Al punto, el faetón se había incorporado y sobrepasaba la cresta de la cumbre con sigilo. Ocultándose tras los arbustos, eligió con cuidado un camino entre la vegetación baja.
* * *
Cruzar la barranca llevó al grupo casi veinte minutos, pero por fin llegaron, sudorosos y llenos de arañazos, ante la boca de la cueva.
—¿Alguno de vosotros entiende esas inscripciones? —preguntó Nanda.
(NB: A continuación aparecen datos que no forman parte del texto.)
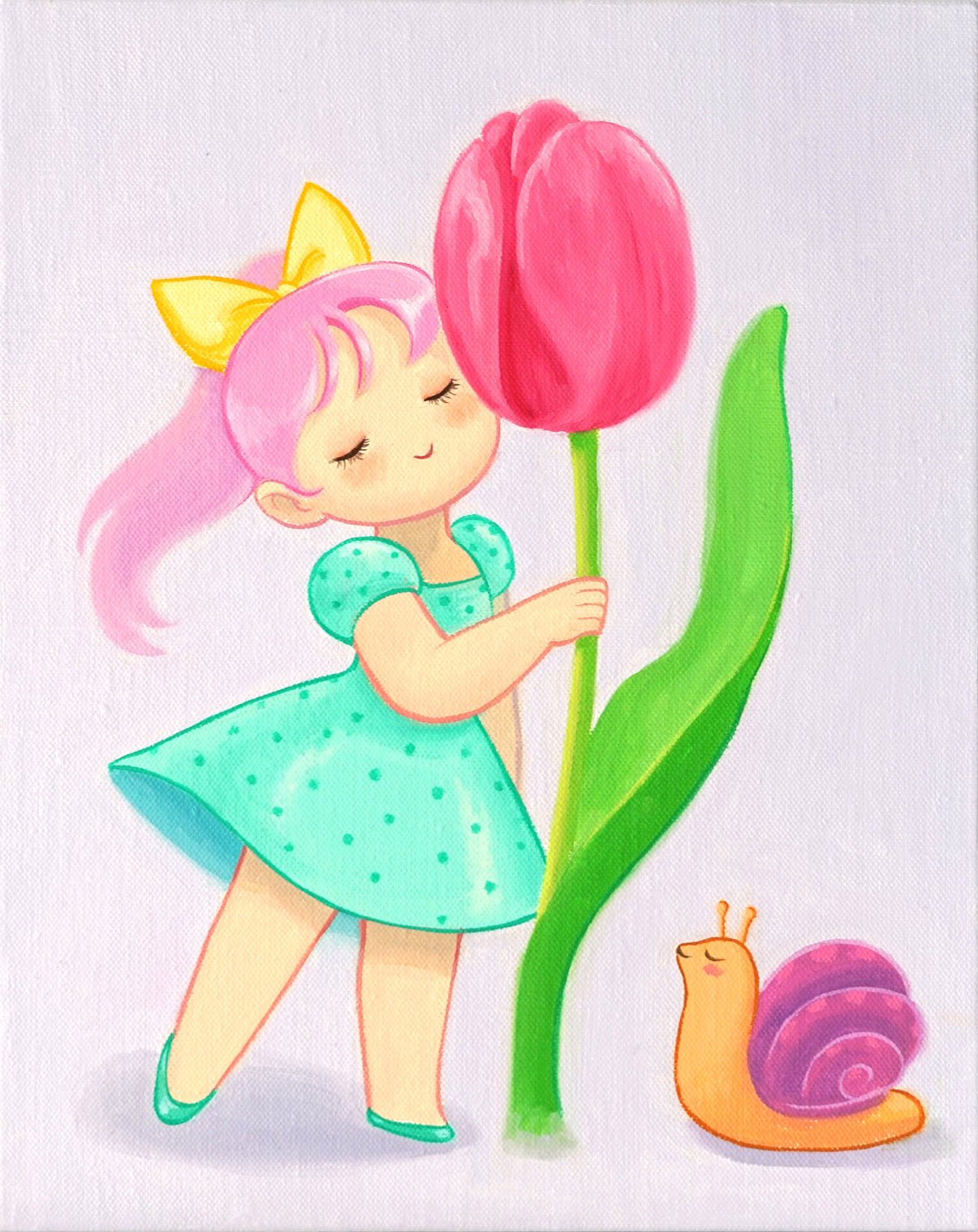 After years of working within commercial animation, Hyoji returned to Korea to begin a new chapter as a fine art artist, focusing fully on her own creative vision. Her artworks are deeply inspired by nature and fairy-tale imagination, where innocence and emotion coexist. The childlike characters that appear in her paintings are not merely cute figures, but emotional beings that embody the vitality and energy of life felt when encountering nature. Through these characters, she expresses feelings of comfort, warmth, and gentle joy. Hyoji’s work aims to offer healing and positive energy to viewers, inviting them to reconnect with innocence and rediscover quiet happiness within themselves.
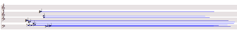 Settings were adjusted by trial and error to find more than 200 unique chords for the installation. The chords were exported as a Csound score for synthesis with samples. The samples were flutes (normal, breathy sound or flutter), and strings (sul ponticello, sul tasto, and high harmonics). To maintain as much as possible of the original sound characters, samples were automatically selected for a minimal transposition interval.
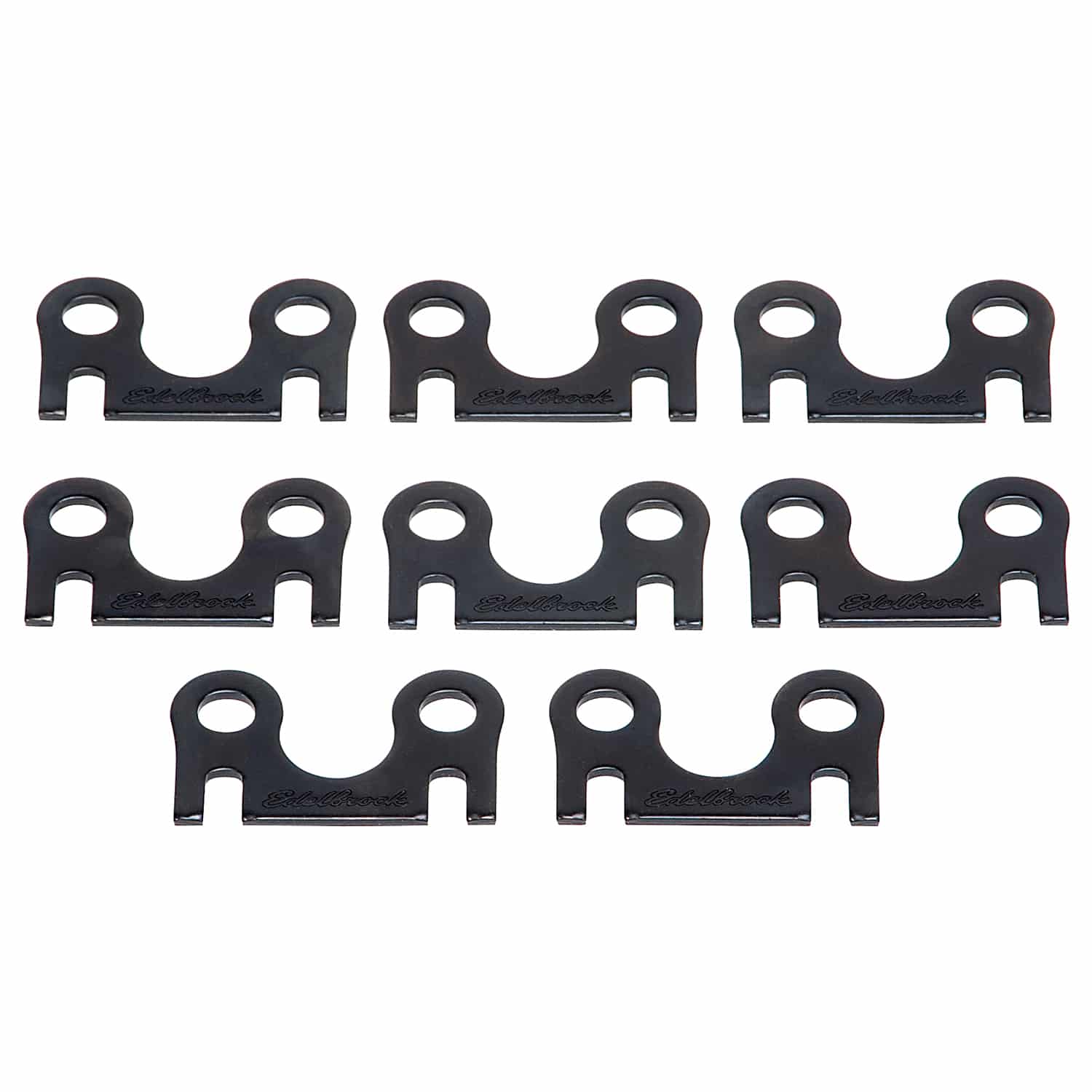 Edelbrock part #9669 Guide Plate is made from high-grade alloy steel and hardened to 60 Rockwell “C”. Stepped plates support pushrods closer to the rockers stabilizing them. Sold in sets of 8.
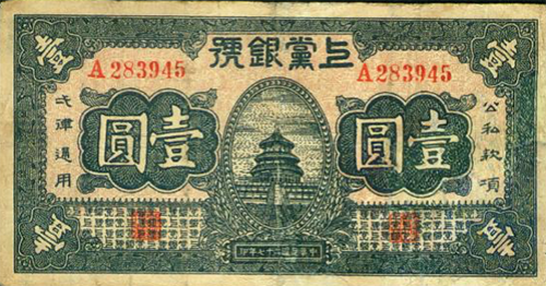 1938年,為了獨立自主地發(fā)展和鞏固根據地,嚴防蔣介石、閻錫山經(jīng)濟封鎖,晉東南抗日根據地在沁縣成立上黨銀號,發(fā)行“上黨票”。上黨票初發(fā)行時(shí)與法幣、晉鈔、銀元以及根據地各縣銀號發(fā)行的縣票同時(shí)流通于晉東南、晉南、晉中、冀南等部分縣域,1938年發(fā)行的面額有拾元、伍元、貳元、壹元、伍角、貳角伍分、貳角、壹角等8種票面10種版別。壹元票的主圖設計為體現根據地貨幣特色,天壇主圖的下面倒印有一“黨”字暗記。1940年初,“上黨銀號”結束,其財產(chǎn)并入“冀南銀行”時(shí),共發(fā)行上黨票300余萬(wàn)元。
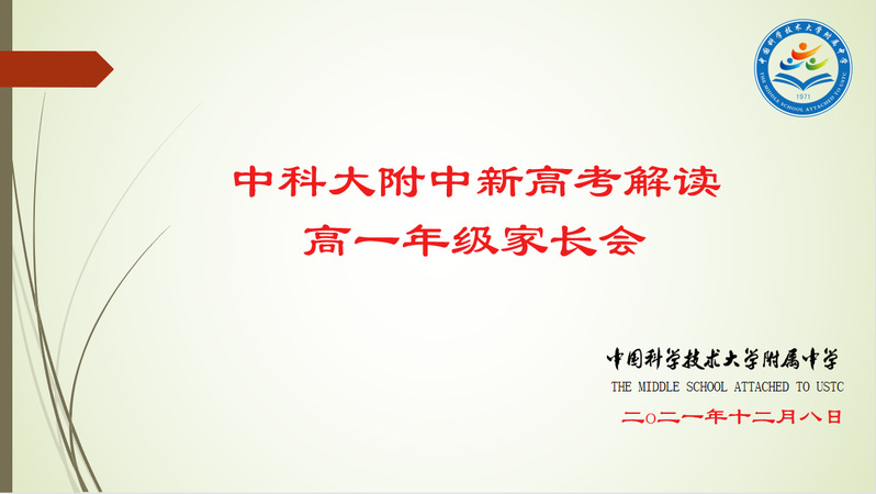 为促进家校联系,为新高考做好充分准备。12月8日下午,高一年级召开“新高考解读”家长会。中科大附中副校长徐斌,德育处主任黄乃斌、副主任朱永,教务处副主任戈益超,全体高一年级学生家长参加会议。会议由黄乃斌主持。
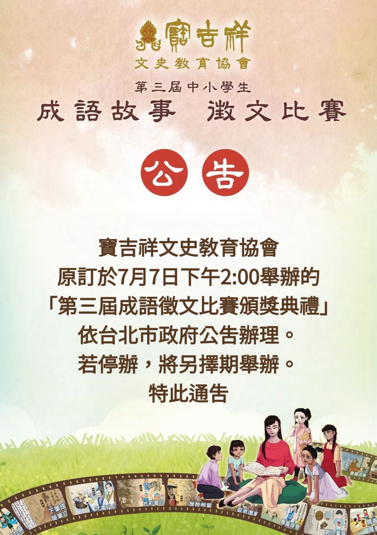第三屆成語徵文比賽頒獎典禮」依台北市政府公告辦理
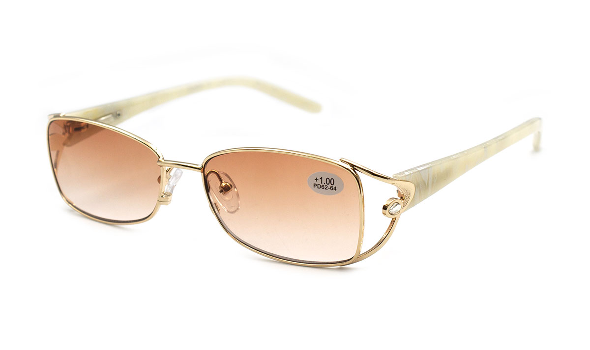 Лінза полімерна, тонована в ободковій металевій оправі.

Tanis escudriñó la roca blanca alrededor de la entrada de la caverna y, por primera vez, reparó en que, en efecto, había unos símbolos cincelados en la piedra. No tenía idea de lo que significaban; ni siquiera sabía en qué lenguaje estaban escritos. De nuevo, Tasslehoff se abrió paso hasta la cabeza del grupo.
—Es una escritura religiosa, una especie de oración ritual. Vi algo parecido sobre la puerta del templo de Sha-lost, en la frontera de Silvanesti, justo antes de que los elfos le prendieran fuego. No entiendo lo que dice, pero los símbolos son iguales. Ése de ahí, el del ápice —dijo, señalando con la jupak—, es el sello de Hiddukel.
—¿Qué clase de templo era el que había cerca de Sha-lost? —preguntó Flint, en tanto manoseaba su hacha con nerviosismo.
—Era de una secta de devoradores de almas.
El grupo guardó un momentáneo silencio, que por fin rompió Tanis.
—Bueno, eso encaja con lo que Selana y tú oísteis en el laboratorio de Balcombe. Entremos.